**INSTRUCTIONS FOR THE TASK:** Please return every record exactly, with no pictures included.

· · · ·

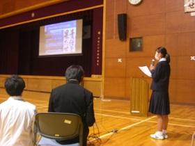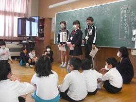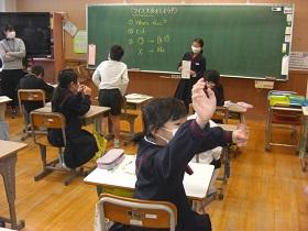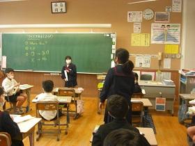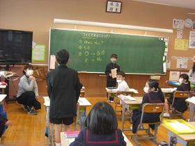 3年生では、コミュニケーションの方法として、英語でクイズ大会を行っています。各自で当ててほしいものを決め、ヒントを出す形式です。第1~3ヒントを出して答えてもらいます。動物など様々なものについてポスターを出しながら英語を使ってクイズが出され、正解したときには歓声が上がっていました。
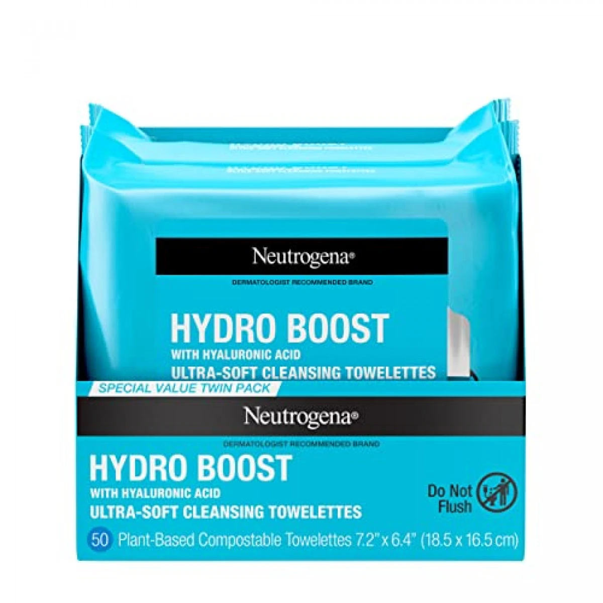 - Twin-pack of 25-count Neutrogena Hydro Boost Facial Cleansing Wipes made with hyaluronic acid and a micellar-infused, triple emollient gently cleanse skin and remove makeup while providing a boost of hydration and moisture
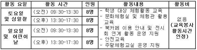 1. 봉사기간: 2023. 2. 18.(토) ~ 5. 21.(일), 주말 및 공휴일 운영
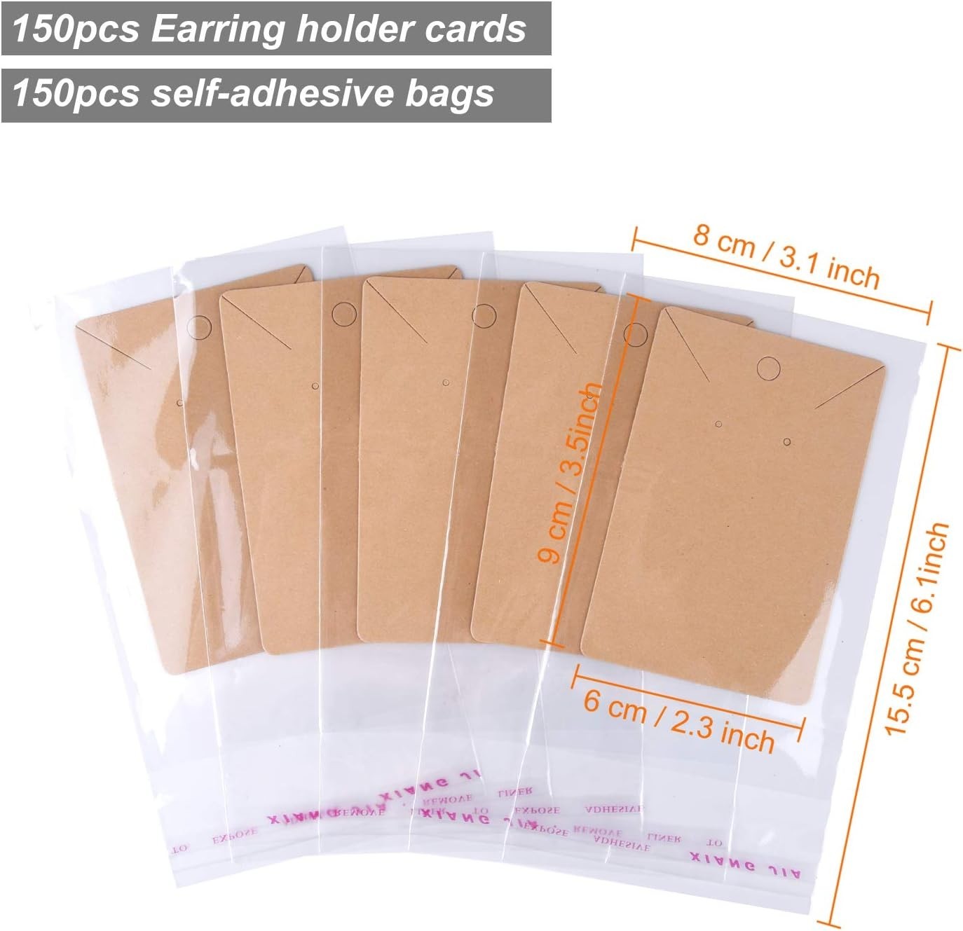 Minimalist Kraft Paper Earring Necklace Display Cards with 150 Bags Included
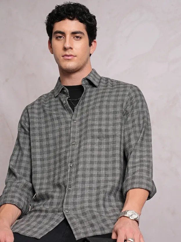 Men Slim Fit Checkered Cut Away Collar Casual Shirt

· · · ·

**OUTPUT BELOW:**
 3年生では、コミュニケーションの方法として、英語でクイズ大会を行っています。各自で当ててほしいものを決め、ヒントを出す形式です。第1~3ヒントを出して答えてもらいます。動物など様々なものについてポスターを出しながら英語を使ってクイズが出され、正解したときには歓声が上がっていました。
 - Twin-pack of 25-count Neutrogena Hydro Boost Facial Cleansing Wipes made with hyaluronic acid and a micellar-infused, triple emollient gently cleanse skin and remove makeup while providing a boost of hydration and moisture
 1. 봉사기간: 2023. 2. 18.(토) ~ 5. 21.(일), 주말 및 공휴일 운영
 Minimalist Kraft Paper Earring Necklace Display Cards with 150 Bags Included
 Men Slim Fit Checkered Cut Away Collar Casual Shirt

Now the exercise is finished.